Baca juga : Proyek Perkuatan Tebing Sungai Kapuas: Solusi Abrasi dan Keamanan Pemukiman
Kasus ini bukan sekadar insiden lokal, melainkan cerminan dari dinamika yang lebih besar dalam ekosistem demokrasi Indonesia pasca-reformasi. Aktivis seperti DS dan rekannya sering kali berperan sebagai pengawas independen terhadap potensi penyalahgunaan wewenang di tingkat pemerintahan daerah. Namun, tuduhan pemerasan yang melekat pada mereka—meski masih dalam proses penyelidikan—membuka ruang bagi narasi bahwa aktivisme bisa dimanfaatkan sebagai modus kriminal. Di sisi lain, dugaan penganiayaan dan pembatasan akses hukum mengingatkan pada kasus-kasus serupa di masa lalu, seperti penahanan aktivis lingkungan atau hak asasi di berbagai provinsi, yang sering kali dieksploitasi untuk membungkam suara disiden.

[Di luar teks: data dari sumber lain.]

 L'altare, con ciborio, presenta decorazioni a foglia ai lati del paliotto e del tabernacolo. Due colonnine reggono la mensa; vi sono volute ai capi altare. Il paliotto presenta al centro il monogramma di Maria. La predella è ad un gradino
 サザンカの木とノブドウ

Publik Kota Padangsidimpuan, yang mayoritas bergantung pada informasi media sosial dan berita lokal, kini menanti klarifikasi resmi dari pihak berwenang. Hingga Minggu pagi ini, 12 Oktober 2025, belum ada konfirmasi dari Kasat Tahti Iptu Aswin Harahap, Kasat Reskrim AKP Hasiholan Naibaho, maupun Kapolres AKBP Wira Prayatna mengenai dugaan penganiayaan atau alasan pembatasan akses penasehat hukum. Ketidakhadiran pernyataan resmi ini, di tengah spekulasi yang merebak, berpotensi memperburuk kepercayaan masyarakat terhadap institusi penegak hukum.

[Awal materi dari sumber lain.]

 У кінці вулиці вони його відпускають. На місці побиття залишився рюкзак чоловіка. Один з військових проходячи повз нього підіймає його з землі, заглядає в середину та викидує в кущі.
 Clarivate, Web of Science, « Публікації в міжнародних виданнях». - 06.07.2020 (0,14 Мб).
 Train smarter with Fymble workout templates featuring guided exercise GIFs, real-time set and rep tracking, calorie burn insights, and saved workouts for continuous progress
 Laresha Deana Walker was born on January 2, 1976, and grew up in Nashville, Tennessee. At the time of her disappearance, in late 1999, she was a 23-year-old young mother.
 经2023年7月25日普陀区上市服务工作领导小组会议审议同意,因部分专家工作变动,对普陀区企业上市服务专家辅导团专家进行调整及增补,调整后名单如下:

Para pakar hukum dan HAM menyerukan investigasi independen untuk memastikan transparansi. “Kasus ini harus menjadi momentum untuk merefleksikan bagaimana penegakan hukum bisa melindungi aktivis sejati sekaligus menindak oknum yang menyalahgunakan peran tersebut,” ujar seorang dosen hukum pidana dari Universitas Sumatera Utara, yang enggan disebut namanya demi keamanan. Sementara itu, kelompok masyarakat sipil di Sumatera Utara mulai mengorganisir petisi daring, menuntut audit internal Polres Padangsidimpuan dan jaminan hak tahanan.

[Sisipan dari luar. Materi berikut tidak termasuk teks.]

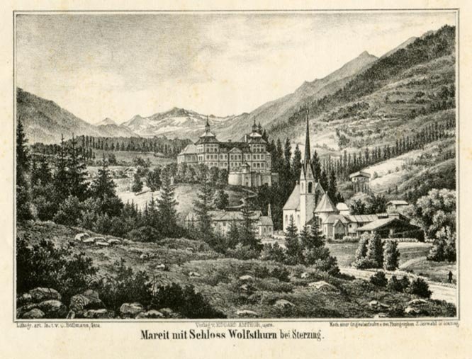 Litografia di dimensioni 11x16 cm. Condizioni : USATO - Stato : Buono, ordinari segni d'uso e del tempo. Altre note : Veduta raffigurante il piccolo centro di Mareta (Mareit) e il castello Wolfsthurn, non lontano da Vipiteno (Sterzing). L'edificio, che fu ricostruito in stile barocco nel diciottesimo secolo, è di proprietà della famiglia Sternbach ed è sede del Museo provinciale della caccia.
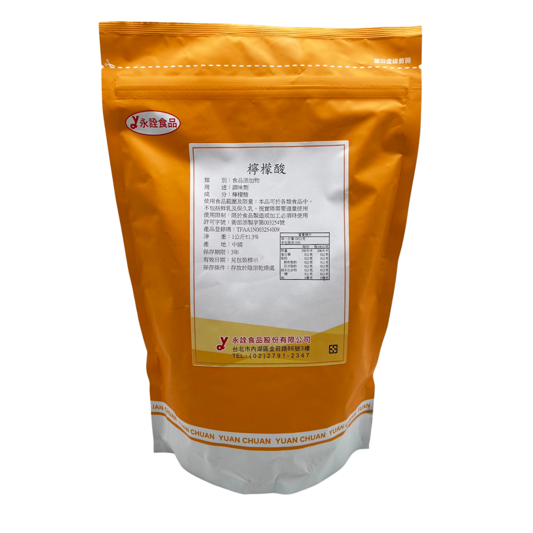 進口優質食品級檸檬酸,可用作於天然防腐劑、食物及飲料的酸味劑和清潔劑。
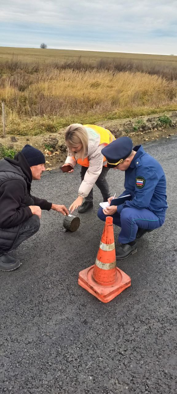 В частности, прокурор района Киселев М.С. оценивает качество ремонта дорожного полотна участка автомобильной дороги «Урено-Карлинское-Чуфарово-Вешкайма-Барыш» от села Степановка до села Попова Мельница.
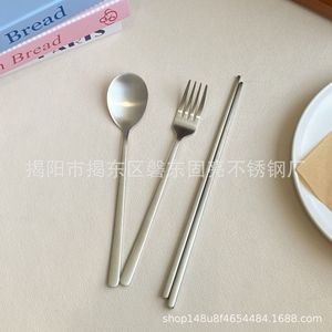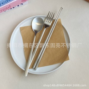砂光韩式304不锈钢牛排刀叉勺长柄勺酒店西餐餐具套装筷子汤勺
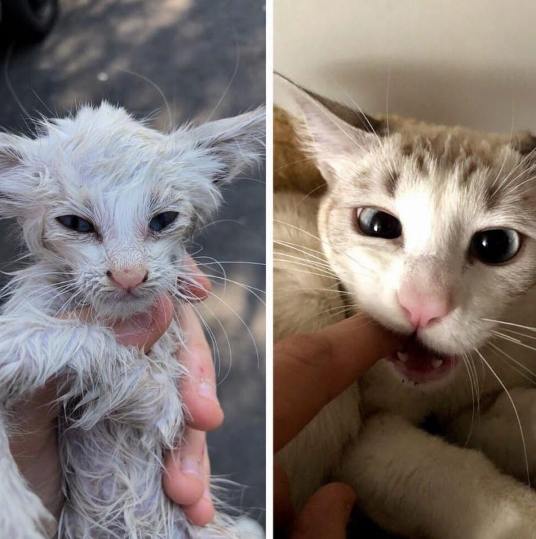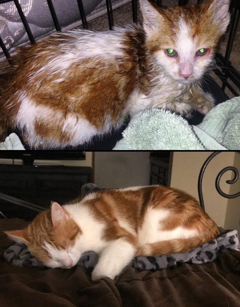 Разница между снимками всего неделя, но она хорошо показывает, как поменялась кошка, которая обрела новый дом
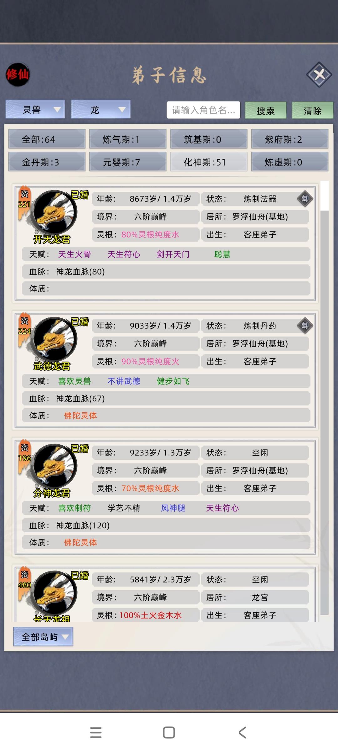 豪华名人档,要存档进群吧!(群:965462090)把名人都抓齐了还没有配,只有一个韩老魔没抓感觉没啥用而且是高傲性格,全神兽蛋,九龙丹绝品丹各50个,看图。而且最近还在弄存档修改看后面两图🤣。#单机游戏 #修仙家族模拟器

Kota kecil di pesisir Sumatera Utara ini, yang dikenal dengan potensi pariwisatanya, kini dihadapkan pada ujian berat: apakah penegakan hukum akan menjadi alat keadilan atau justru sumber ketidakpastian? Jawaban atas pertanyaan itu akan menentukan arah aktivisme sipil di masa depan. Hingga kini, keheningan resmi dari Polres Padangsidimpuan hanya menambah kabut misteri, meninggalkan publik dalam ketegangan yang tak kunjung reda.